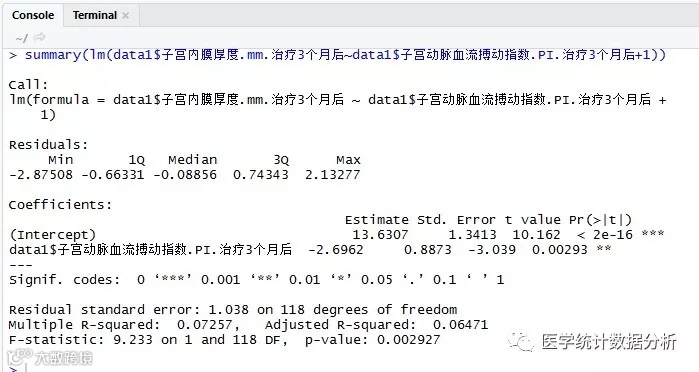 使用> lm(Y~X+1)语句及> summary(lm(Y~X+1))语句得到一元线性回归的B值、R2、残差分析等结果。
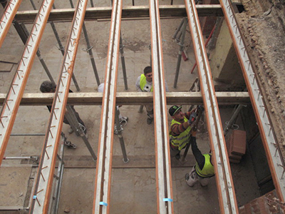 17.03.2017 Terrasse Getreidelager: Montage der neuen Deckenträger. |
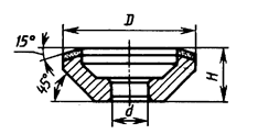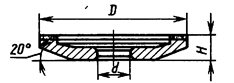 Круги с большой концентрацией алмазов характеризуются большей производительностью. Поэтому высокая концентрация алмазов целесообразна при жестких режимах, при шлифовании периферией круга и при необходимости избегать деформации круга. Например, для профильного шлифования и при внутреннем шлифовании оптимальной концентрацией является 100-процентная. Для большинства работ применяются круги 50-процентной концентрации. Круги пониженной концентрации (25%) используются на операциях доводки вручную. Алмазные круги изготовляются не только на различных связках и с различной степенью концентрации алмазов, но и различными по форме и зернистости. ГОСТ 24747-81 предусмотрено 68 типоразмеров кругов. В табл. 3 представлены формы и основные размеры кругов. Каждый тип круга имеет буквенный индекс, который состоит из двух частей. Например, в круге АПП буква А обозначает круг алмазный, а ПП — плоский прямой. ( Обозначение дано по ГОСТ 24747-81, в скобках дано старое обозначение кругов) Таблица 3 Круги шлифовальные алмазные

• • • • • • •

No pictures belong in the answer; copy all other parts of the listing exactly.

ANSWER TO THE EXERCISE –
 使用> lm(Y~X+1)语句及> summary(lm(Y~X+1))语句得到一元线性回归的B值、R2、残差分析等结果。
 17.03.2017 Terrasse Getreidelager: Montage der neuen Deckenträger. |
 Круги с большой концентрацией алмазов характеризуются большей производительностью. Поэтому высокая концентрация алмазов целесообразна при жестких режимах, при шлифовании периферией круга и при необходимости избегать деформации круга. Например, для профильного шлифования и при внутреннем шлифовании оптимальной концентрацией является 100-процентная. Для большинства работ применяются круги 50-процентной концентрации. Круги пониженной концентрации (25%) используются на операциях доводки вручную. Алмазные круги изготовляются не только на различных связках и с различной степенью концентрации алмазов, но и различными по форме и зернистости. ГОСТ 24747-81 предусмотрено 68 типоразмеров кругов. В табл. 3 представлены формы и основные размеры кругов. Каждый тип круга имеет буквенный индекс, который состоит из двух частей. Например, в круге АПП буква А обозначает круг алмазный, а ПП — плоский прямой. ( Обозначение дано по ГОСТ 24747-81, в скобках дано старое обозначение кругов) Таблица 3 Круги шлифовальные алмазные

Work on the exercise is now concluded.